Doch Lüders lehnte sich behaglich mit dem Rücken an den Stock der Heckflagge. „Einen Augenblick noch! In zwei Minuten muss die Glocke die neue Wache schlagen. Ich möchte gern sehen, wie die Leutchen hier mobil werden.“
So blieben sie stehen. Außer Gransfeld befanden sich nur noch zwei Fahrgäste der ersten Klasse auf dem Achterdeck. In ein eifriges Gespräch vertieft standen sie dicht neben dem letzten Backbordrettungsboot. Gransfeld warf einen Blick dorthin und fragte Lüders: „Was sind das für Leute? Die sind mir schon aufgefallen.“
„Fahrgäste wie Sie und viele andere. Nur die Schiffsliste kennt ‚Nam und Art‘; aus der kann ich’s Ihnen verraten. Der Lange mit der Schirmmütze ist ein Schotte, ein Mister Morton aus Edinburg, der andere, kleinere, namens van Holsten, stammt irgendwoher aus dem Lande der Mynheers. Engländer, Holländer, Levantiner und so weiter, wir führen alles an Bord, was Sie wünschen. Wenn ich mich nicht irre, habe ich die beiden schon einmal auf einer früheren Fahrt an Bord der ‚Wadoni‘ gesehen.“
„Merkwürdig!“, warf Gransfeld ein.
„Durchaus nicht, Kollege. Gewisse Leute werden Sie immer wieder auf bestimmten Schiffsstrecken treffen. Das hängt wohl mit ihren Geschäften zusammen.“
In diesem Augenblick schrillte die elektrische Glocke. Sofort sprang Rudi, der junge Steward, der unmittelbar neben den beiden Fahrgästen gelegen hatte, auf und wollte zum Dienst eilen. Erst jetzt, wie erschreckt, bemerkten diese seine Anwesenheit. Der Holländer packte ihn am Rockärmel und fuhr ihn grob an: „Qu’est-ce que vous avez fait ici?“
Während der Gefragte noch mit der Antwort zögerte, mischte sich der lange Schotte dazwischen und wiederholte die Frage: „What did you do here?“
Rudi antwortete englisch: „Ich habe hier geschlafen und höre eben das Signal, dass ich zum Dienst kommen muss.“
„Warum haben Sie das nicht gleich gesagt?“
„Ich verstand nicht, was der andere Herr auf Französisch sagte“, entschuldigte sich Rudi und wollte weitergehen.

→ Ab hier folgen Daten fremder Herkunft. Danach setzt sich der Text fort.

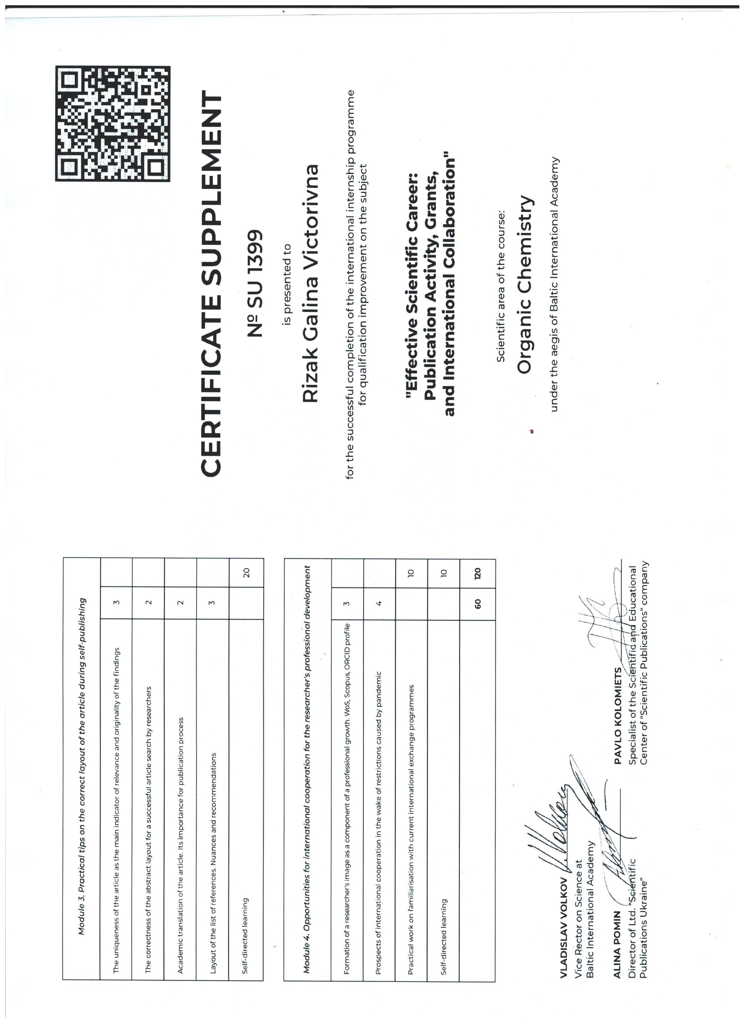 Відома вчена у галузі органічної хімії Галина Вікторівна Різак завершила міжнародне науково-педагогічне стажування на базі Балтійської міжнародної академії (м. Рига) та отримала сертифікат міжнародного взірця.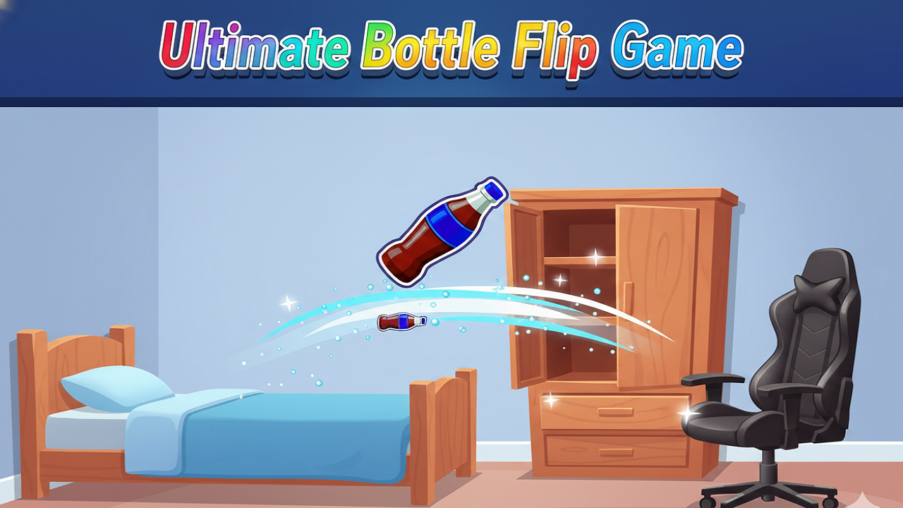 Ultimate Bottle Flip Game is a 3D skill game that takes you on a dramatic obstacle course with the main character being a familiar Coca-Cola bottle. The game scene takes place in a familiar bedroom, where there is a table, a chair, and a bed, and all of them will become parkour terrain for the bottle to perform spectacular flips.

Wütend sprang der Schotte ihm nach und versetzte ihm einen Schlag, der ihn fast zu Fall brachte. Schreck und Entrüstung erpressten dem Getroffenen einen lauten Schrei. Augenblicklich hatte Rudi sich umgedreht, die Fäuste geballt, die Arme angezogen, bereit, jedem weiteren Angriff auf Boxerweise zu begegnen.
Morton zog es vor, sich zurückzuziehen, während er laut schimpfte. „Ich will Dich lehren, hinter den Fahrgästen her zu spionieren und fremde Gespräche zu...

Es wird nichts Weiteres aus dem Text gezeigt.